“We live in a fast-paced society. Walking slows us down” (Robert Sweetgall, Author; Walking Wellness)
For those of you who don’t know, the month of May is ‘National Walking Month’ and is about both raising awareness and promoting the benefits of walking and ultimately getting all of us up and out walking, no matter what our fitness levels are.
And indeed, the benefits – both physical and mental - are well researched, documented and numerous, to say the least. We ran an article, as well as an infographic earlier this year, on the many benefits this fantastic physical activity has to offer.
And what better month than May? Early mornings, late evenings and every day getting longer and longer as we move towards June and the Summer Solstice, offering us ever more daylight to make the time to put one front in front of the other, mosey from A to B, and explore the place.
But if, like me, you find your occasional daily recommended dose of 30 minutes strolling down a busy London high street leaves you a bit frazzled and questioning the science of it all, then you may want to keep on reading.
Let’s face it, city streets aren’t exactly the ideal venue for exercise are they? Pollution, litter, noise, questionable smells, interesting people, crime if you are really unlucky, regular invasions of your personal space, trip hazards, collision hazards….it may well feel like one big hazard! Rendering benefits neutralised by the neuroticism of it all.
But hey, it beats being cooked-up in the office sat on my back-side all day long. Another hazard.
So what is the cure? Migrate to the country? We may dream about a country manor when we hit the big time, but the sad reality is that in the world today, over 50% of the lovely people populating our world live in urban settings, and what with population increases and the subsequent ‘urban sprawl’, this figure is predicted to increase to as high as 70% by 2050. That house in the country is either getting further away, or the sprawl is getting closer to it.
Increased urbanisation, and the subsequent increased disconnect with nature, is associated with increased levels of mental illness, including anxiety, stress and depression. Studies have shown, through various means of scanning and measuring, that city living has been found to increase activity of the Amygdala – the brain’s “danger sensor” – as well as increased neural activity in a part of the brain called the subgenal pre-frontal cortex, which is linked to repetitive thought focused on negative emotions; described as rumination in the study, or brooding to you and me.
In essence, the sheer amount of urban factors that our brains take in in any given minute, not to mention threats (whether actual or perceived) the urban jungle throws our way, results in our sensese being on full alert for periods of time that are, arguably, far too long than is healthy.
Perhaps the means to scan and measure this stimulation in the brain is relatively new, but the theories relating to over-stimulation have been around for years. As far back as the 1980’s, Kaplan and Kaplan proposed that people dwelling in urban environments suffer from an excess of what they referred to as “bottom-up” stimulation. This constant stimulation forces us to focus our attention over long periods of time, and the subsequent result is cognitive fatigue and stress.
It’s not so much the fact that cities necessarily stress us out – although I’m sure that anybody living in London can tell you it can, and does – but more the fact that cities leave us little opportunity to switch off.

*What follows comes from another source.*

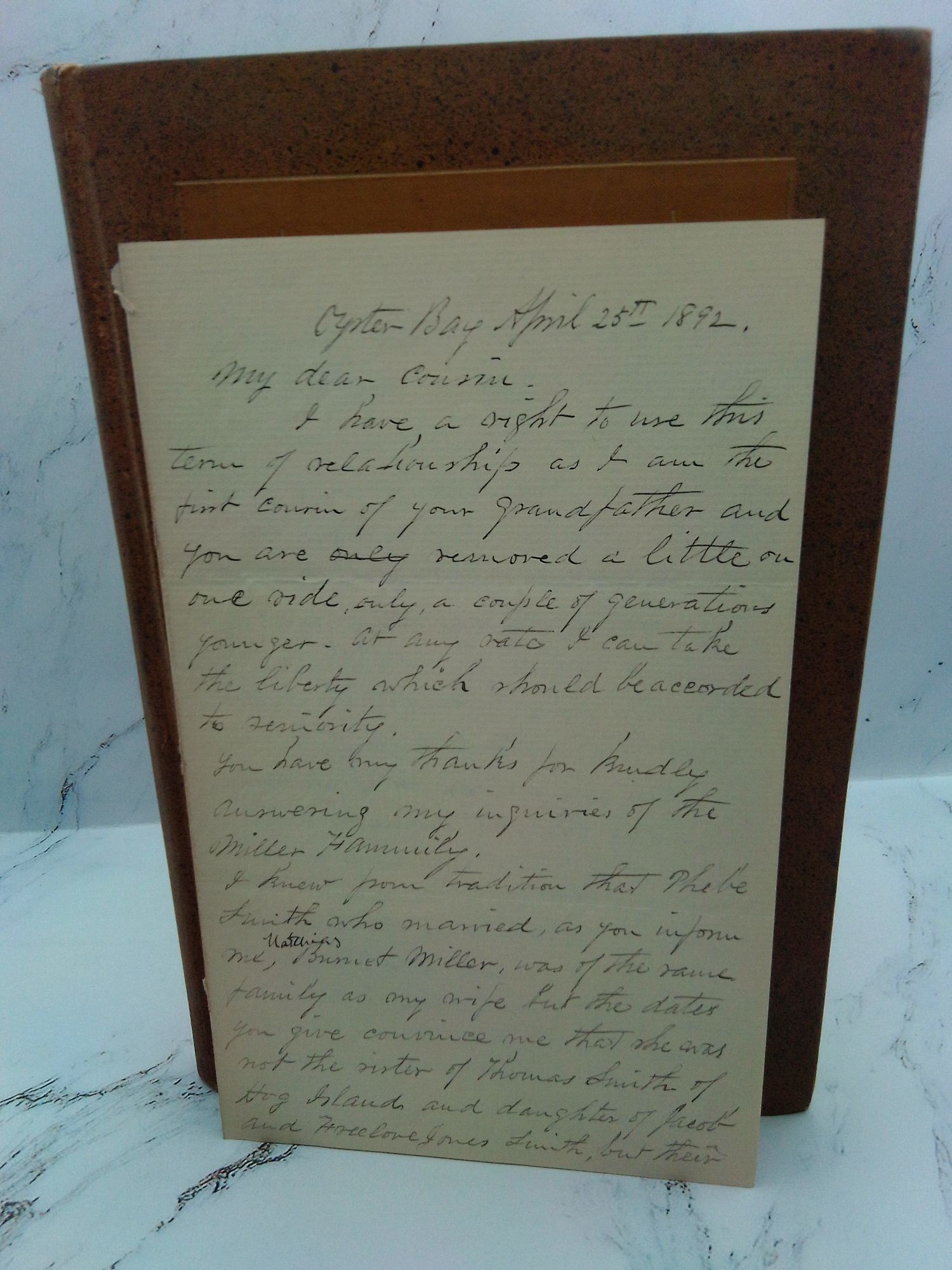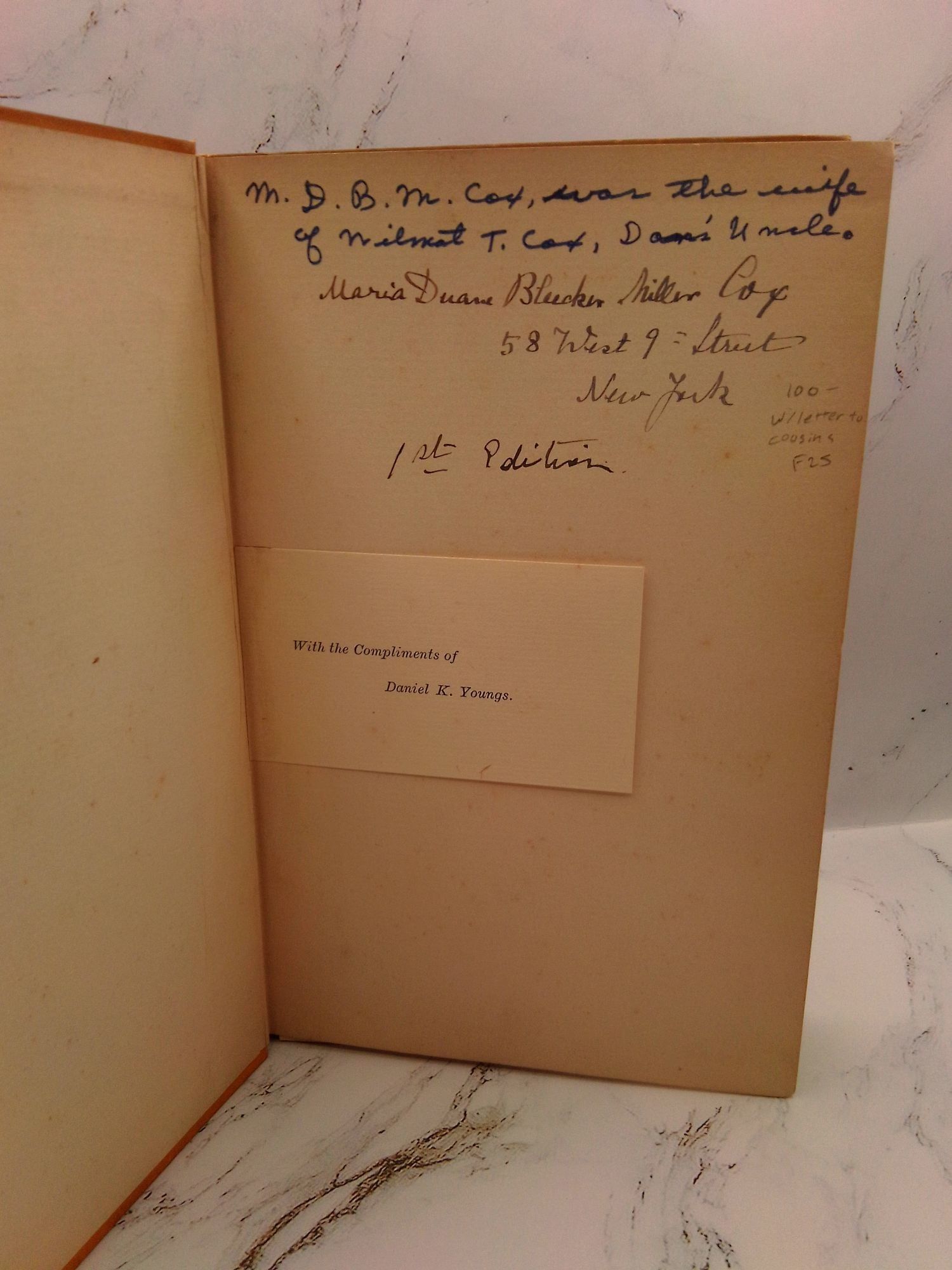 Oyster Bay: Privately Printed, 1890. Hardcover. Octavo, 142 pages. In Good condition. Bound in the publisher's brown cloth bearing gilt lettering to the front. Boards have moderate wear including faint scratches/scuffs and some chipping to the edges. Cocked spine. Text block has moderate wear including age toning to the edges with offsetting to the end papers. Slight age toning to the interior. Several instances of notations/marginalia to the interior. Gift inscription to the front free end paper. Adhesive residue to the gutter at the dedication page. Partial sticker remnant to the rear end paper. "With Compliments of Daniel Youngs" card tipped in. Illustrated. Includes a letter to cousins laid in.

And it is this constant and excessive activity that scientists are speculating could be the root cause of many of the mental health problems observed.
An interesting viewpoint from David Suzuki, an environmentalist out of Canada, is the notion that our brains didn’t evolve in cities, but it has taken only a tiny fraction of that time period for humans to migrate into and increasingly populate an environment that grows bigger, faster and seemingly ever-more frenetic year-on-year. And for many, the negative effects on our wellbeing could be the result.
So, you may not be surprised to find that there is an ever-growing body of research demonstrating the positive effects of exposure to nature and the rural environment on our health and wellbeing.
Walking and exercising in the great outdoors is increasingly being understood to offer a whole host of ‘antidotes’ to city hustle, including reduced depression, improved feelings of wellbeing and mental health and a lowered perception of stress. And don’t forget all the other benefits we mentioned, on top of all that.
But it is easier said than done to take a couple of hours out of a busy weekend, not to mention the cost of travelling to one of the beautiful rural locations surrounding London, although we feel that the time and cost are well worth it.
But to gain the benefits, you don’t have to travel as far as you may think – numerous studies have found that urban green spaces such as parks and gardens within can offer similar benefits – namely the opportunity to switch off, reflect and alleviate the symptoms of stress, depression and cognitive fatigue. And if there is one thing London has plenty of, it’s parks and gardens. So what are you waiting for?